TASK TO COMPLETE
From the records below, output exactly the lines starting at the line with "Oro, símbolo de" and ending at the line with "Tee shirt dresses", both of them included, but no pictures.

(Data excerpts)
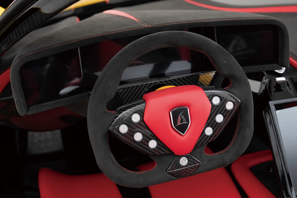 일본의 엔지니어링 회사 ‘아스파크’와 이탈리아의 자동차 제조사 ‘마니파투라 오토모빌리 토리노’가 힘을 합쳐 세계에서 가장 빠른 컨버터블 ‘아울 로드스터’를 선보였다. 1953마력을 발휘하는 4개의 전기모터를 얹어 제로백을 단 1.78초 만에 달성한다. 극도의 강성을 자랑하는 카본 모노코크 섀시와 차고 조절(80~160mm)이 가능한 더블 위시본 서스펜션, 10피스톤 프런트 캘리퍼를 장착한 카본 세라믹 브레이크, 조절식 리어 윙을 탑재해 1900kg의 가벼운 무게임에도 초고속에서 안정적인 주행이 가능하다. 최고속도는 약 400lem/k로, 마치 공격 태세를 취하는 올빼미처럼 전기차 특유의 고요함과 강렬함을 동시에 발산한다. 총 20대 한정 생산할 예정이며, 구매자의 기호에 맞춰 차량 컬러, 시트 가죽 소재, 스티칭 등 자유롭게 선택할 수 있다. 예상 가격은 300만 유로(한화 약 51억 5481만원)로 세계에서 가장 비싼 전기차가 될 전망이다.
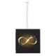 Oro, símbolo de infinito de joyas con estrellas doradas sobre fondo negro. Diseño con estrella dorada.
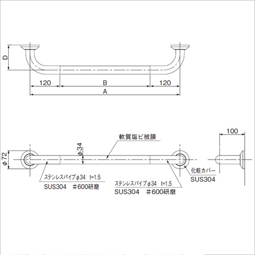 化粧カバーを含むエンドブラケット部(L型はコーナー部含む)は、高級感のあるステンレス研磨(#600研磨)となっており、直線のにぎり部分には軟質塩ビ被膜が施されているコンビタイプです。ホテルや商業ビルなどデザイン性の高い公共施設におすすめです。 [サイズ]A800mm、B560mm、C100mm [本体重量]1.7kg [材質]エンド部・コーナー部 SUS304 直線部 軟質塩ビ被膜 [仕上]エンド部・コーナー部 研磨 【ご注意】表記以外の形状も特注にて製作可能です。 購入に関する注意事項 備考 代表画像を表示しています。
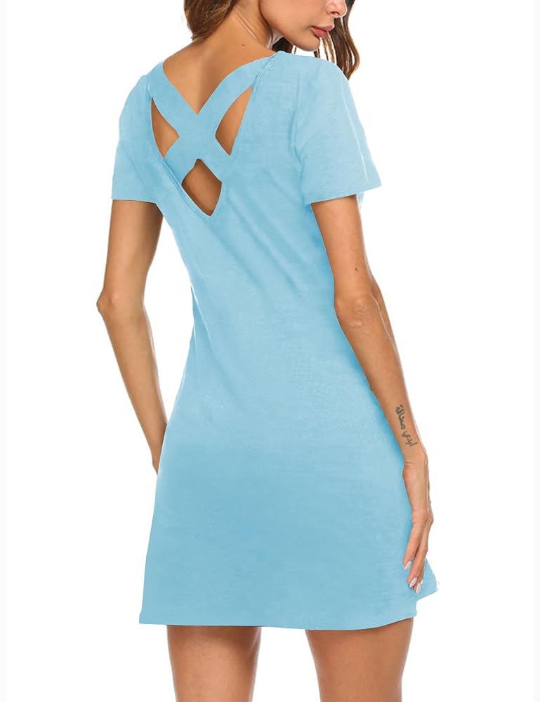 Tee shirt dresses for women causal short sleeve mini dresses for women summer Gender: Women Waistline: Natural Neckline: Round Neck Season:Summer Feature: Round Neck, short sleeve, mini dresses, criss cross back. Pattern Type: Floral dresses,solid dresses and striped dresses his vibrant short dress is such a delightful choice for any summer day! We love the classic floral paired with the summer days - it's such an effortlessly cute look. This short sleeve dresses also has the criss cross back detail. It's so perfect for warm summer afternoons. . Model is wearing a small.
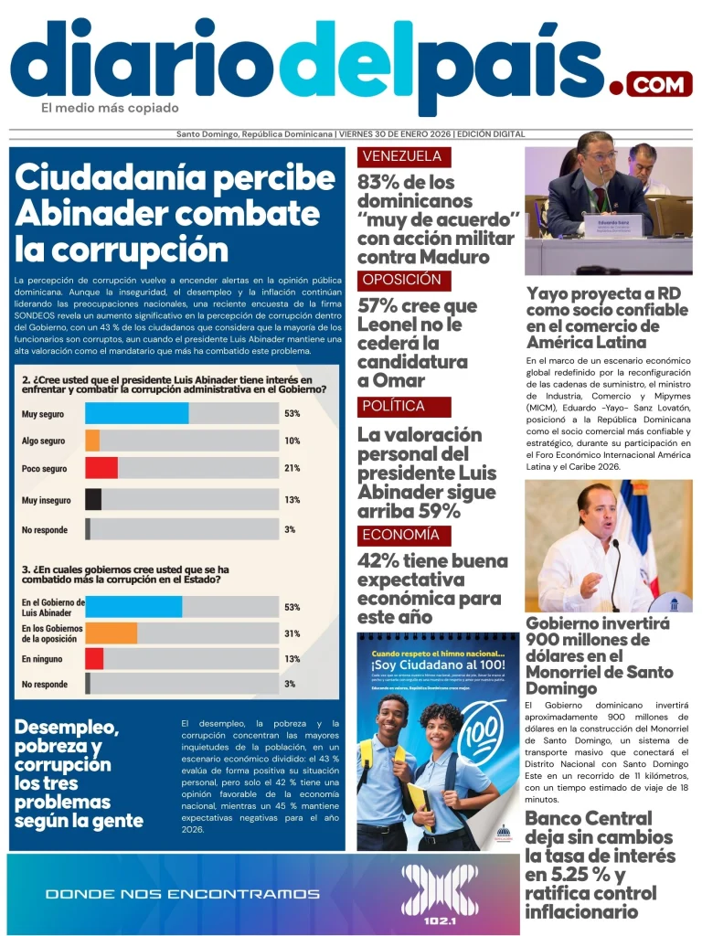 La ciudadanía mantiene una valoración mayoritariamente favorable del presidente Luis Abinader en materia de lucha contra la corrupción, pese a que persisten señales de alerta en la percepción pública. Una encuesta nacional de la firma SONDEOS revela que el 53 % de los consultados considera que el mandatario tiene un interés “muy seguro” en enfrentar y combatir la corrupción administrativa, mientras que un 10 % lo ve “algo seguro”. Además, el 53 % identifica al actual gobierno como el período en el que más se ha combatido la corrupción en el Estado.
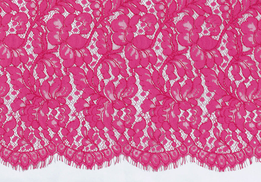 A hot pink Chantilly lace fabric - a floral design that's scalloped on both selvedges, with eyelash trim. Made in USA. 60% cotton, 17% poliamide, and 23% rayon blend. 42" wide.
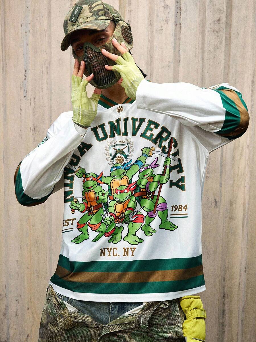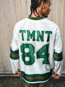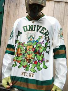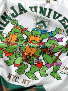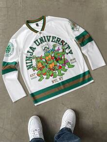 TEENAGE MUTANT NINJA TURTLES X ROMWE قميص تي شيرت كاجوال للرجال بياقة على شكل سلحفاة وطباعة ملونة، أكمام طويلة، موسم الخريف
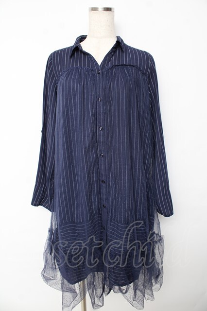 axes femme / チュール重ねチュニック M 紺 Y-25-10-16-130-AX-OP-SZ-ZY
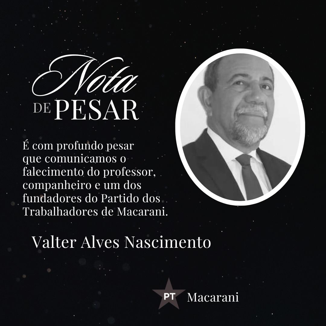 O Partido dos Trabalhadores da Bahia recebeu com grande tristeza a notícia do falecimento do professor, companheiro e um dos fundadores do PT do município de Macarani, Dr. Valter Alves Nascimento, que ocorreu em Salvador nesta quarta-feira, 24.
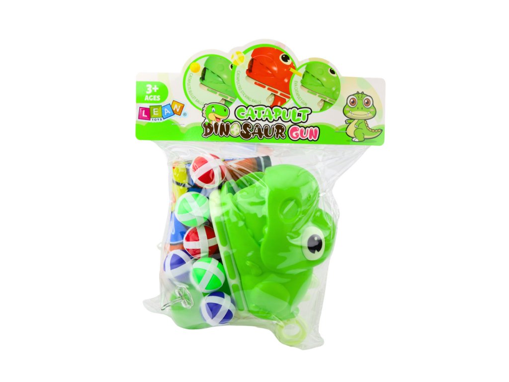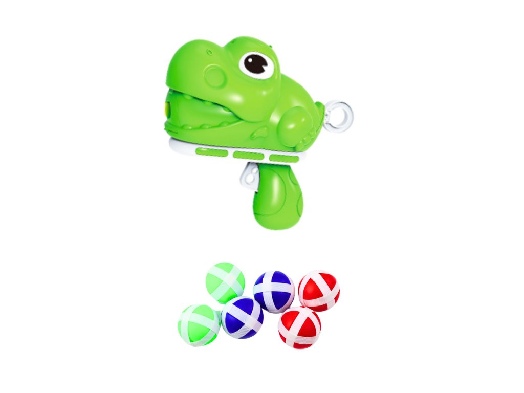 - Pistole ve tvaru dinosaura s pružinovým mechanismem, který umožňuje snadné nabíjení a odpalování koulí.
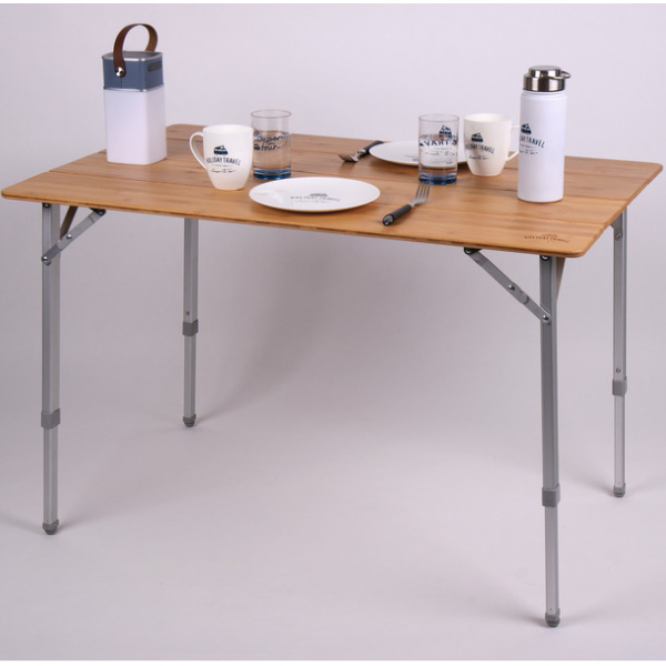 Ideal für Minicamper und Vans ist der Bambus-Tisch aus der exclusiven Holiday Travel-Serie aufgrund seines sehr kleinen Packmaßes. Der höhenverstellbare Tisch (42-65 cm) ist perfekt für 2-4 Personen und hat eine maximale Tragkraft von 30 kg.
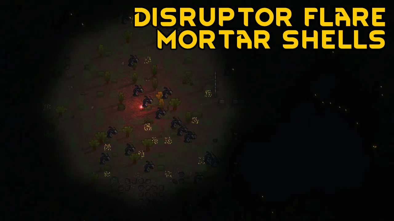 This mod adds a new type of mortar round, the flare shell, which can be crafted at the bioferrite shaper. Use them like any other mortar shell, but instead of exploding they leave a nice helpful disruptor flare laying on the ground. These flares are bigger than the ones used in the disruptor flare backpacks, giving them an larger illumination radius. Requires disruptor flare research and are made at a bioferrite shaper.
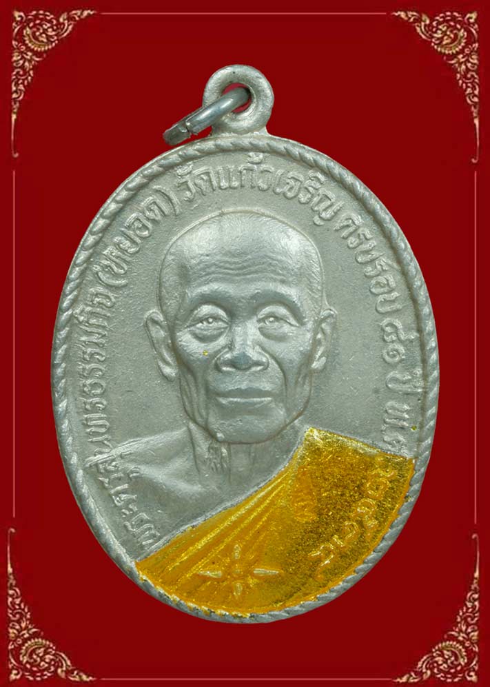วัดใจ...เหรียญหลวงพ่อหยอด วัดแก้วเจริญ จ.สมุทรสงคราม รุ่นทรัพย์ล้นเหลือ เนื้อเงินลงยาสีเหลือง ปี2534 ตอกโค๊ต หายาก สภาพสวย กล่องกำมะหยี่เดิมๆครับ.
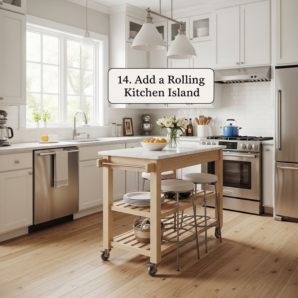 Choose a kitchen island on casters. Use it for prep space. Use it for dining. Roll it against the wall when not needed.
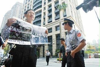 吴淑珍19日又不出庭,陆续有民众看不下去,到陈水扁住处所在大楼附近表达不满。(图:台湾《联合报》)
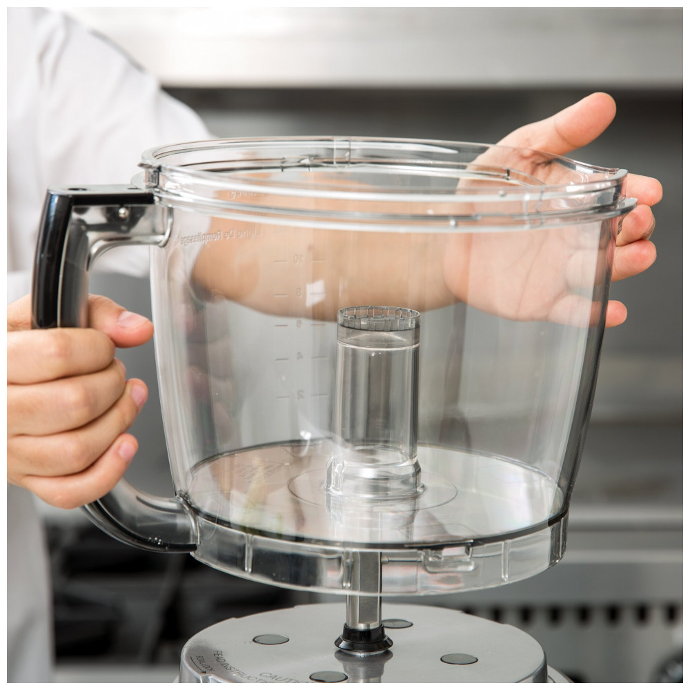 Tigela de processamento em lote Waring WFP16S2 com capacidade de 4 qt (3,8 L), acessório essencial para processadores de alimentos da linha WFP16S em cozinhas profissionais. Fabricada em policarbonato com sistema LiquiLock selado, permite manipulação segura de líquidos como sopas, molhos e emulsões durante transporte e despejo inclinado. Indicada para preparações em volume médio com lâminas S e discos intercambiáveis.

SOLUTION FOR THIS PROBLEM
 Oro, símbolo de infinito de joyas con estrellas doradas sobre fondo negro. Diseño con estrella dorada.
 化粧カバーを含むエンドブラケット部(L型はコーナー部含む)は、高級感のあるステンレス研磨(#600研磨)となっており、直線のにぎり部分には軟質塩ビ被膜が施されているコンビタイプです。ホテルや商業ビルなどデザイン性の高い公共施設におすすめです。 [サイズ]A800mm、B560mm、C100mm [本体重量]1.7kg [材質]エンド部・コーナー部 SUS304 直線部 軟質塩ビ被膜 [仕上]エンド部・コーナー部 研磨 【ご注意】表記以外の形状も特注にて製作可能です。 購入に関する注意事項 備考 代表画像を表示しています。
 Tee shirt dresses for women causal short sleeve mini dresses for women summer Gender: Women Waistline: Natural Neckline: Round Neck Season:Summer Feature: Round Neck, short sleeve, mini dresses, criss cross back. Pattern Type: Floral dresses,solid dresses and striped dresses his vibrant short dress is such a delightful choice for any summer day! We love the classic floral paired with the summer days - it's such an effortlessly cute look. This short sleeve dresses also has the criss cross back detail. It's so perfect for warm summer afternoons. . Model is wearing a small.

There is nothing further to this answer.